Limitazioni della ghisa grigia e quando non utilizzarla
Ogni materiale ha limiti di utilizzo appropriato. Comprendere i limiti della ghisa grigia previene errori di progettazione catastrofici e guida le decisioni corrette sulla sostituzione dei materiali.
- Nessun utilizzo nelle strutture portanti primarie: La ghisa grigia non dovrebbe mai essere l'elemento portante principale in una struttura sottoposta a notevoli sollecitazioni di trazione o flessione.
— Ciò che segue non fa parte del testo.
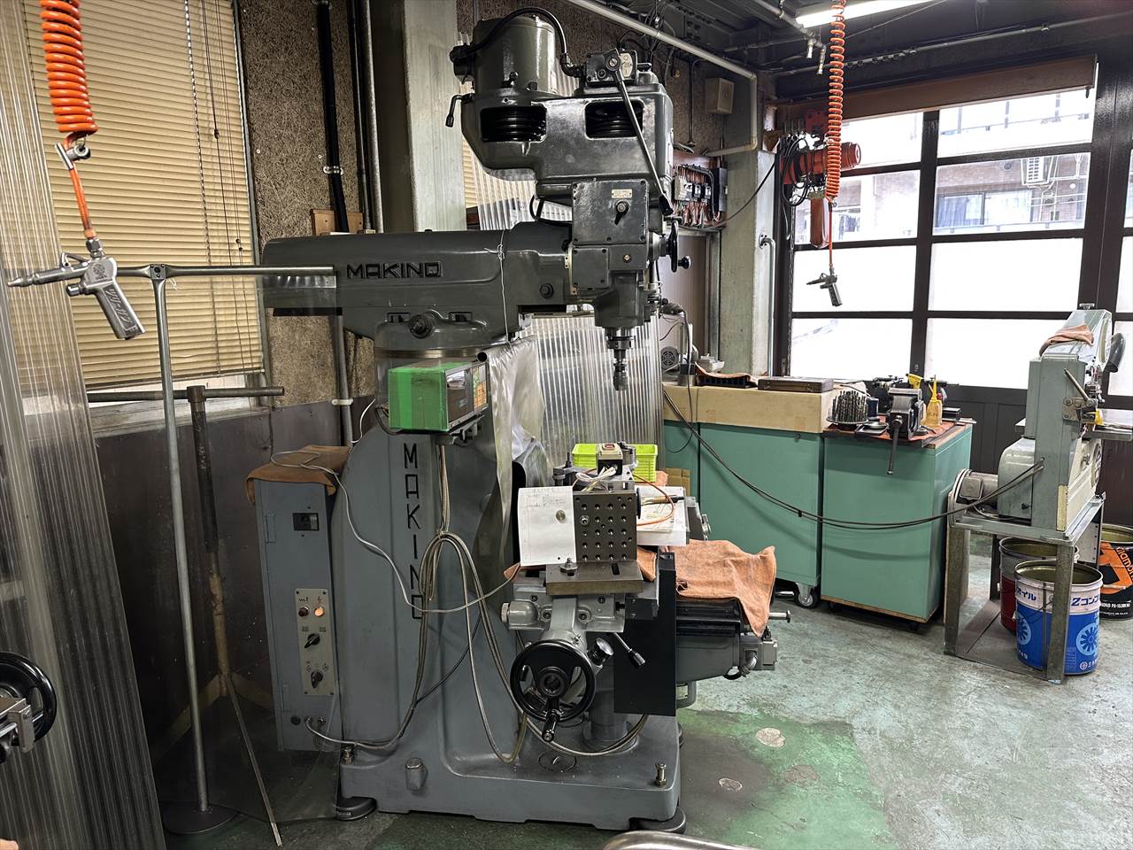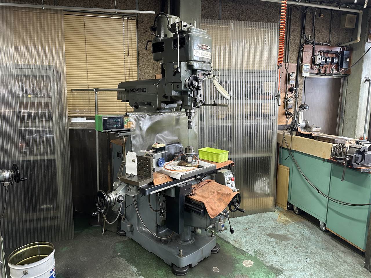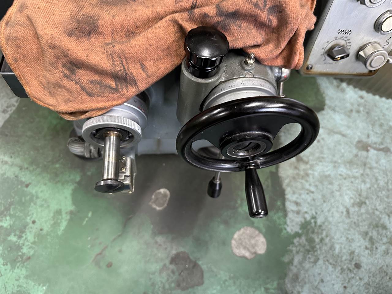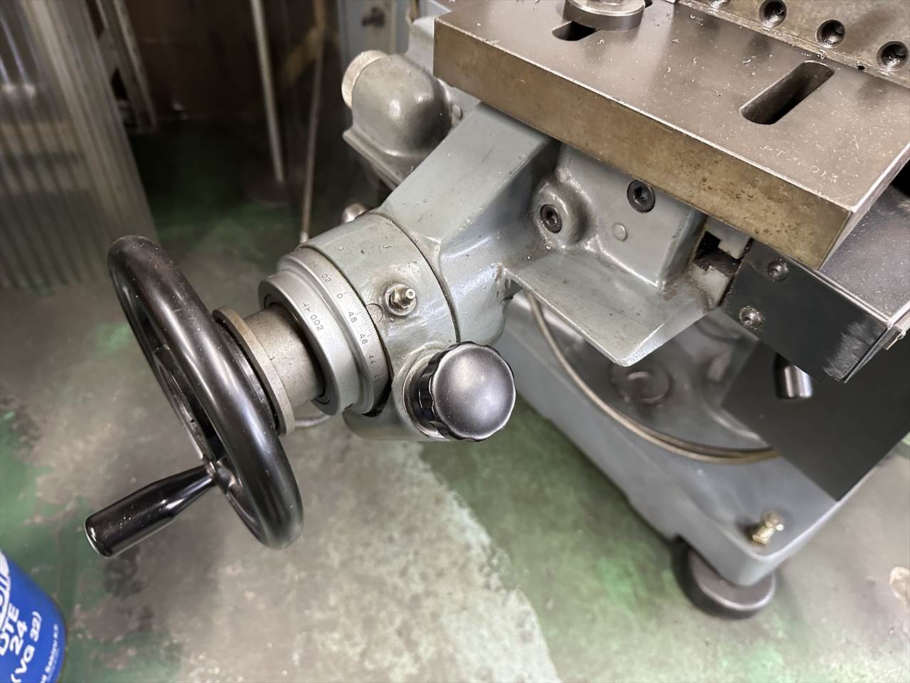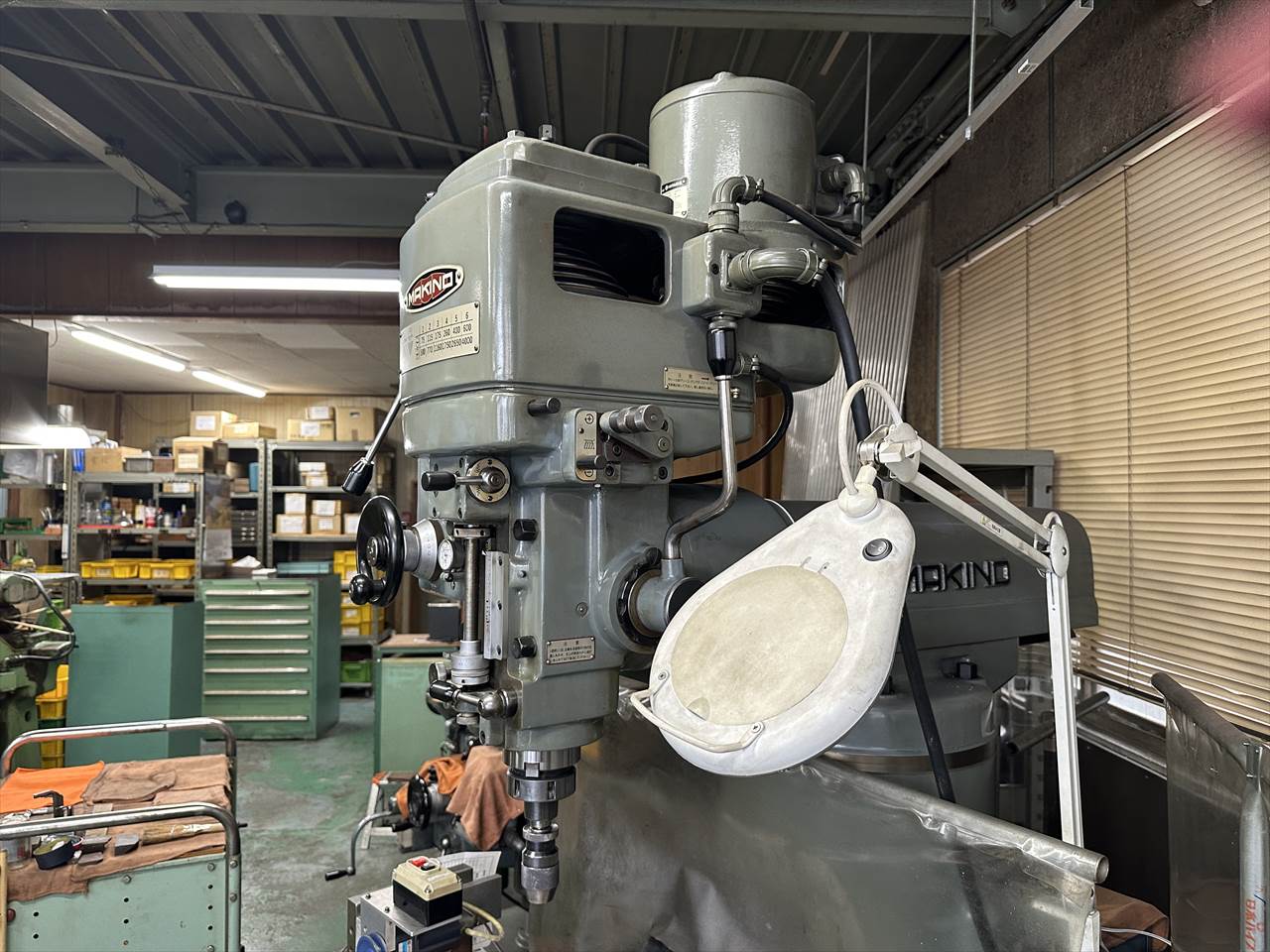 ○特徴  XY2軸デジタル付 100mmレージングブロック付(かさ上げ)  主軸クイル100mm上下自動送り  テーブル左右自動送り(インバータ無段変速)・早送り  テーブル上下早送り テーブル前後は手動送り   バイスとミーリングチャック付 ○テーブル  作業面積 1100mm×250mm (T溝幅14mm×3本) ○主軸  主軸穴のテーパ:№40 主軸回転数:75~4000rpm(ベルト掛け替え12段)  主軸頭旋回角度:左右±45° ○ストローク  テーブル:左右550×前後250mm×上下350mm 主軸クイル送り量:100mm  オーバーアーム前後動き:300mm ○干渉距離  主軸端面からテーブル上面までの距離:105~555mm  (100mmレージングブロック)  主軸中心からコラム前面までの距離:125~425mm ○送り速度  テーブル左右自動送り速度:22~832mm/min(インバータ無段変速)  テーブル左右早送り速度:2900mm/min  ニー上下早送り速度:1430mm/min クイル自動送り:0.04-0.08-0.16mm/rev ○モータ  主軸用:1.5kw 送り駆動用:0.45kw 所要電力:3.9KVA ○機械寸法・重量  幅2190mm×奥行1815mm×高さ2180mm(100mmレージングブロック)  機械重量1550Kg
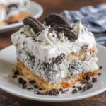 Spread the whipped cream evenly over the entire cake using an offset spatula or the back of a spoon. Cover every bit of cake—this is your canvas. Sprinkle the crushed Oreos generously over the whipped cream. Like, really generously. This is cookies and cream tres leches—the Oreos should be visible from space. Arrange whole Oreos decoratively on top. Drizzle with chocolate syrup if you’re feeling fancy.

Il suo allungamento prossimo allo zero significa che non fornisce alcun preavviso prima della rottura e nessuna ridistribuzione plastica dei sovraccarichi.
- Nessun impatto o carico d'urto: Le applicazioni che comportano carichi di impatto improvvisi (teste di martello, ganci di sollevamento, staffe critiche per la sicurezza) sono fondamentalmente incompatibili con il comportamento fragile alla frattura della ghisa grigia. È invece necessario utilizzare ferro duttile o acciaio.
- Difficile da saldare: L’alto contenuto di carbonio e la fragilità della ghisa grigia rendono la saldatura tecnicamente impegnativa e inaffidabile. La saldatura di riparazione è possibile con il preriscaldamento da 300°C a 600°C ed elettrodi a base di nichel, ma i giunti saldati in ghisa grigia non sono mai affidabili quanto il metallo base e non devono essere utilizzati in applicazioni strutturali o contenenti pressione.
- Non possono essere lavorati a freddo: La ghisa grigia non ha capacità di deformazione plastica a temperatura ambiente. Non può essere piegato, formato, arrotolato o disegnato. Tutta la modellatura deve essere eseguita mediante fusione o lavorazione meccanica.
- Corrosione in ambienti aggressivi: La ghisa grigia si corrode in ambienti umidi, acidi o salini. I rivestimenti protettivi (vernici, rivestimenti epossidici e bituminosi) sono necessari per il servizio all'aperto o interrato. Le scaglie di grafite possono agire come catodi nelle celle galvaniche, accelerando la dissoluzione del ferro in ambienti contenenti elettroliti senza protezione.
- Sensibilità della sezione: Le proprietà variano in modo significativo con lo spessore della sezione nella stessa fusione. Le sezioni sottili si raffreddano più velocemente, producendo microstrutture più fini e più dure; le sezioni spesse si raffreddano lentamente, producendo grafite più grossolana e matrici più morbide. La progettazione deve tenere conto di questa variabilità o specificare intervalli di durezza in posizioni critiche.